= Alexander Gurning =

Belgian pianist, composer and improviser (born 1973)

Alexander Gurning (born 1973) is a Belgian pianist, composer and improviser.

==Early life and education==
Born to both Polish and Indonesian parents, Alexander Gurning studied at the Royal Conservatory of Brussels. After completing his studies, he became an assistant in the class of Russian pianist Evgeny Moguilevsky for three years. Soon after, Gurning moved to Moscow to attend further classes with Lev Naumov and Victor Merzhanov at the Moscow Conservatory.

==Career==
Gurning has appeared in festivals such as the Progetto Martha Argerich in Lugano, the Schleswig-Holstein Musik Festival in Germany, the Festival International de Piano de la Roque d'Anthéron in France, the Sapporo Music Festival in Japan, the International Piano Festival of Obidos (Portugal), the Saratoga Chamber Music Festival, the Tanglewood Music Festival (United States) and the Verbier Festival in China.

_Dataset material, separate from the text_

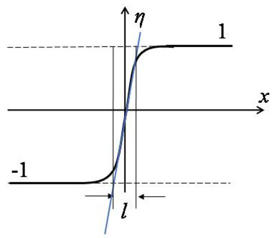The aim of the lattice phase field model is to connect the simulated grid spacing with the lattice parameter of real materials. First, let us see how to determine the real value of the grid size in the phase field model. One of the most key advantages of the phase field model is that this model avoids tracking phase boundaries during microstructure evolution, and interfaces can generate, disappear, or move according to changes in the total free energy of the material [4]. A schematic plot of the interface between two order parameters is shown in Figure 1. The average interfacial energy density, or average gradient energy density, for this simple model can be written as [4,14]

Gurning has played with the Boston Symphony Orchestra, the Philadelphia Orchestra, the Orchestra della Svizzera Italiana, the Orchestre Philharmonique de Radio France, the Orchestre National de Belgique, the Orchestre de Chambre de Lausanne with conductors such as Myung-Whun Chung, Charles Dutoit, and Christian Zacharias.

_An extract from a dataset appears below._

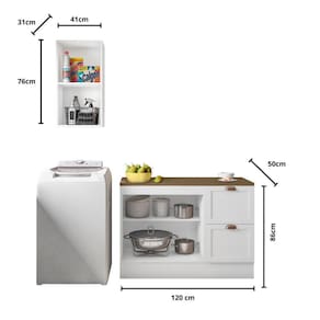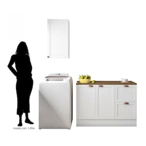 Medida de cada item (A x L x P): Aéreo 1 Porta: 76cm x 41cm x 31cm | Balcão 2 Portas 2 Gavetas com Tampo: 86cm x 120cm x 50cm.

The recording career of Gurning started with a ‘Choc’ award from Le Monde for his first solo album, in the series 'Martha Argerich Presents', with works of Stravinsky and Debussy. Other recording collaborations include frequent appearances with various musicians in the annual EMI boxes made of live recordings from the Lugano Music Festival. Gurning received another award from the French magazine, Diapason, as pianist of the Talweg trio, together with Sébastien Surel (violin) and Sébastien Walnier (cello), for their Tchaikovsky/Shostakovich album released on Triton in 2008.

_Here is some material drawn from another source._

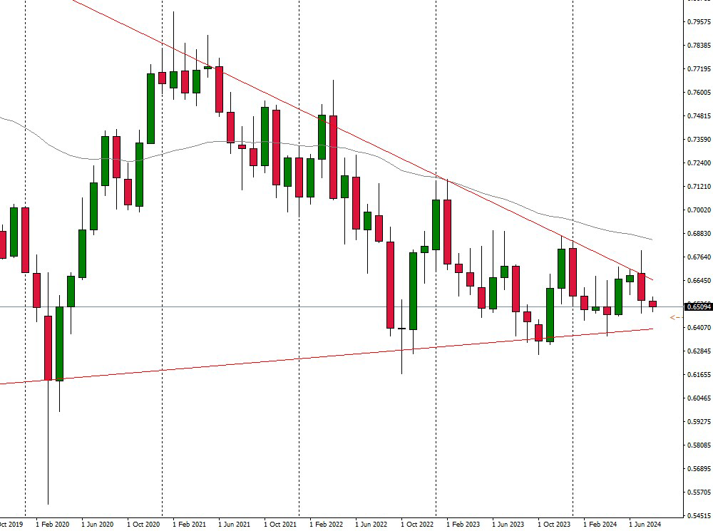 The Australian Dollar remains weak against most other currencies. Poor economic data from the US could lead to further losses. The Aussi is generally regarded as a “risk-on” currency, which is likely to fall as risk appetite declines. The monthly chart of the AUDUSD currency pair above shows this trend impressively. Further losses could therefore occur. The interest rate decision will take place on 06 August at 06:30 CET.

Gurning is also a founding member of the Soledad ensemble, specialized in renewing the tradition of tango. Together with Manu Comté (accordion and bandoneon), Jean-Frédéric Molard (violin), Patrick Schuyer (guitars) and Géry Cambier (bass), Soledad released their albums on Virgin Classics (Soledad and Del Diablo) and on ENja (In Concert).

In 2020, Gurning served as a judge of the AntwerPiano International Competition and Festival in Antwerp.